IF (R .LE. 0.5898437E0) THEN
R = R+3.90625E-2
ELSE
R = R-0.21875E0
ENDIF
What are these magic numbers? An internet search for "0.5898437" yields dozens of hits, many of them different versions of this algorithm translated into various other programming languages (including C, C++, and free-format Fortran). Note: the algorithm here is the same one, but also prefaces this code with the following helpful comment:
! And now...Just a little black magic...
Frequently, old code originally written in single precision can be improved on modern computers by updating to full-precision constants (replacing 3.14159
with a parameter computed at compile time as acos(-1.0_wp)
is a classic example). Is this the case here? Sometimes WolframAlpha is useful in these circumstances. It tells me that a possible closed form of 0.5898437 is: \(\frac{57}{100\pi}+\frac{13\pi}{100} \approx 0.58984368009\). Hmmmmm... The reference given in the header is no help [1], it doesn't contain this bit of code at all.

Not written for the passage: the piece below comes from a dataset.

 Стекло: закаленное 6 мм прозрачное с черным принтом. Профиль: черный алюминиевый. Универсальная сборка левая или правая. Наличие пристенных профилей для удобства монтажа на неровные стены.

It turns out, what this code is doing is generating a pseudorandom number to use as the pivot element in the quicksort algorithm. The code produces the following repeating sequence of values for R:
0.375
0.4140625
0.453125
0.4921875
0.53125
0.5703125
0.609375
0.390625
0.4296875
0.46875
0.5078125
0.546875
0.5859375
0.625
0.40625
0.4453125
0.484375
0.5234375
0.5625
0.6015625
0.3828125
0.421875
0.4609375
0.5
0.5390625
0.578125
0.6171875
0.3984375
0.4375
0.4765625
0.515625
0.5546875
0.59375
This places the pivot point near the middle of the set. The source of this scheme is from Reference [2], and is also mentioned in Reference [3]. According to [2]:
These four decimal constants, which are respectively 48/128, 75.5/128, 28/128, and 5/128, are rather arbitrary.

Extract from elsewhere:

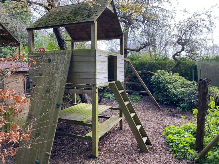 - Garden Tower Playhouse - one wooden tower with ladder, monkey bars, climbing wall and 2 swings. It's a bit green due to the weather and the posts are concreted into the soil. Free to anyone who wants to come, dismantle and remove (everything).

The other magic numbers in this routine are the dimensions of these variables:
These are workspace arrays used by the subroutine, since it does not employ recursion. But, since they have a fixed size, there is a limit to the size of the input array this routine can sort. What is that limit? You would not know from the documentation in this code. You have to go back to the original reference [1] (where, in fact, these arrays only had 16 elements). There, it explains that the arrays IL(K)
and IU(K)
permit sorting up to \(2^{k+1}-1\) elements (131,071 elements for the k=16 case). With k=21, that means the ISORT routine will work for up to 4,194,303 elements. So, keep that in mind if you are using this routine.
There are many other implementations of the quicksort algorithm (which was declared one of the top 10 algorithms of the 20th century). In the LAPACK quicksort routine DLASRT, k=32 and the "median of three" method is used to select the pivot. The quicksort method in R is the same algorithm as ISORT, except that k=40 (this code also has the advantage of being properly documented, unlike the other two).
References
- R. C. Singleton, "Algorithm 347: An Efficient Algorithm for Sorting With Minimal Storage", Communications of the ACM, Vol. 12, No. 3 (1969).
- R. Peto, "Remark on Algorithm 347", Communications of the ACM, Vol. 13 No. 10 (1970).
- R. Loeser, "Survey on Algorithms 347, 426, and Quicksort", ACM Transactions on Mathematical Software (TOMS), Vol. 2 No. 3 (1976).